The watchdog said non-members — including Contact Energy, Inspire Net, Lightwire and Voyager — leave over 100,000 Kiwi consumers locked out of the free dispute process and “left with a harder road to complain”.
But the hold-outs are not taking the criticism lying down.
“It’s disappointing that the ComCom has effectively chosen to smear and savage us for their pet scheme,” Voyager founder Seeby Woodhouse told the Herald.
“Customers already have a route to resolution — the Disputes Tribunal. Why New Zealand needs the overhead of a separate system is unclear and the benefits of the TDRS unproven.”
The Disputes Tribunal (formerly called the Small Claims Court) provides general dispute resolution for fees starting from $45.
Woodhouse said the TDRS was funded by set fees levied on providers.
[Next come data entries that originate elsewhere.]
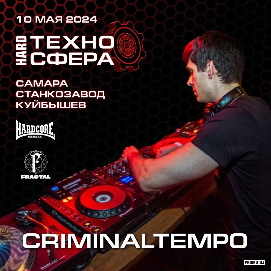Максим Criminaltempo - термоядерный двигатель самарской электронной hard-сцены, организатор и ди-джей на max-амплитуде, чьи бронебойные сеты уже 8 лет сотрясают event-площадки разного калибра в рамках локального коммьюнити Hardcore Samara. Год назад его аллигаторные навыки организатора стали фундаментом для молодого hardtechno ядра Самары - FRACTAL. Support your local DJ!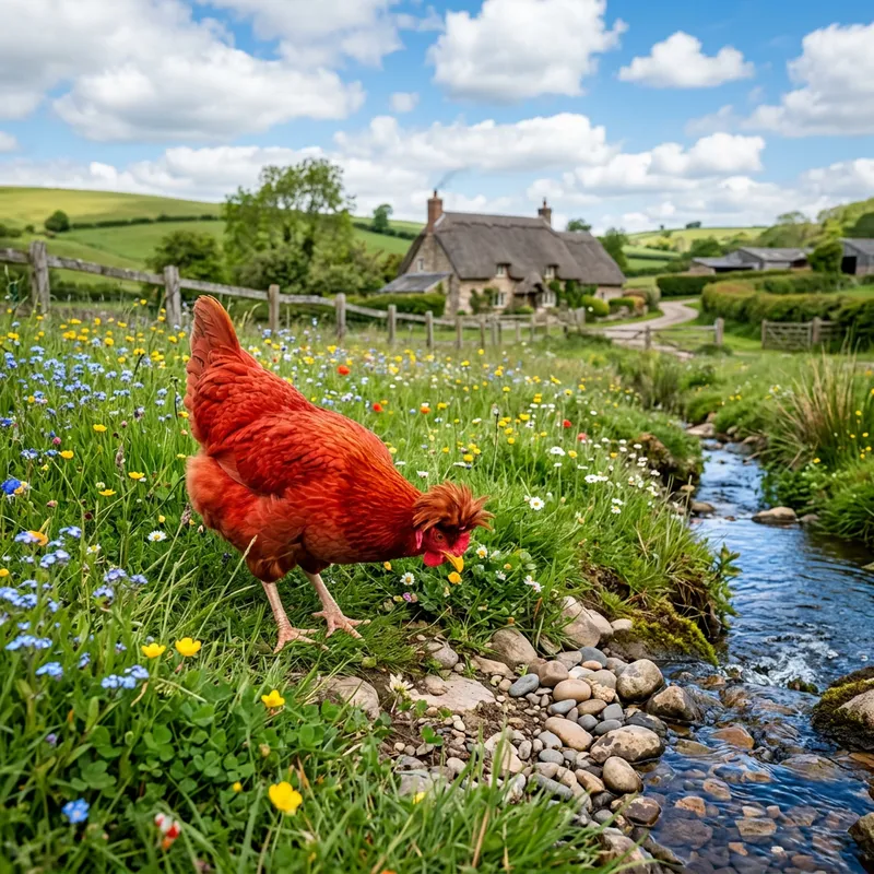 Create an image of a docile chicken wandering about an idyllic countryside setting. It has bright red feathers, a scruffy mop of feathers on its head like a crown, and a yellow beak. Its feet are a pale, dusty peach as it pecks at the ground in search of food. Surrounding it is lush green grass interspersed with wildflowers of blue, yellow and white. A sapphire blue stream flows nearby, its water babbling over smooth, rounded pebbles. Far in the distance, you can spot rustic wooden fences and a cosy, thatch-roofed farmhouse. The sky overhead is a radiant blue with fluffy white clouds.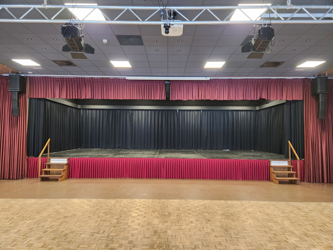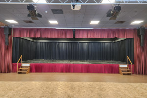 De zaal beschikt over een royaal podium van 11 meter breed en 5 meter diep, opgebouwd uit losse podiumdelen. De standaardhoogte is 80 cm, maar het podium kan ook (deels) worden verlaagd naar 40 cm of 20 cm. Naar wens kunnen er achterdoeken, coulissen, friezen en een voorgordijn worden geplaatst.
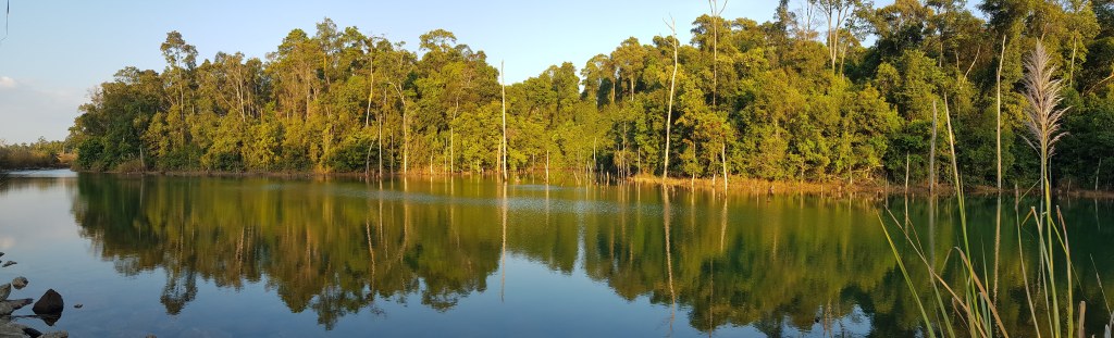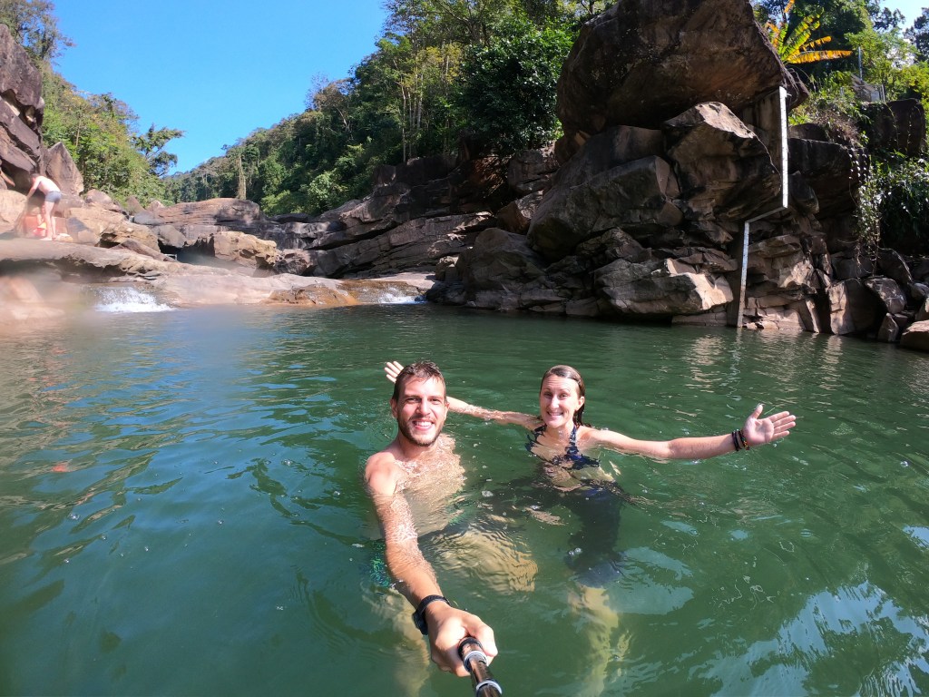 Une piste sur 3 km longe un grand lac au bleu étincelant. Nous garons le scooter pour rejoindre le bord de la rivière. Un chemin, des planches en bois, un pont, le traditionnel terrain de pétanque au côté des cabanes sur pilotis et du bar, la traversée de quelques rochers et nous arrivons au bord d’un magnifique bassin naturel.

While these fees were indexed to revenue, he said only a small amount of Voyager’s revenue came from consumers.
“TDRS charges a set fee, not a cost per complaint — so there is no incentive to actually address the complaint before it gets to the TDRS, meaning bigger overheads and time wasted handling a complaint back and forward,” Woodhouse said.
He pointed out a July 2022 submission to the Commerce Commission from ISPANZ — the Internet Service providers Association of New Zealand, a group of mainly smaller to mid-tier providers.
It said, “TDRS membership has an additional cost that brings no discernible benefit either to them or to their customers.”
One of the deterrents to TDRS membership is the cost. Small companies manage their cashflows carefully, and vigorously prune unnecessary expenses.
The TDRS fee structure is weighted heavily in favour of larger ISPs, the submission claimed.
“For example, Spark has around 701,000 broadband connections, 2.4 million mobile devices, and a TDRS fee of $485,465 per year. If just counting the broadband connections they pay $0.69 per connection per year. Counting their total connections it is $0.16 per connection per year,” it said.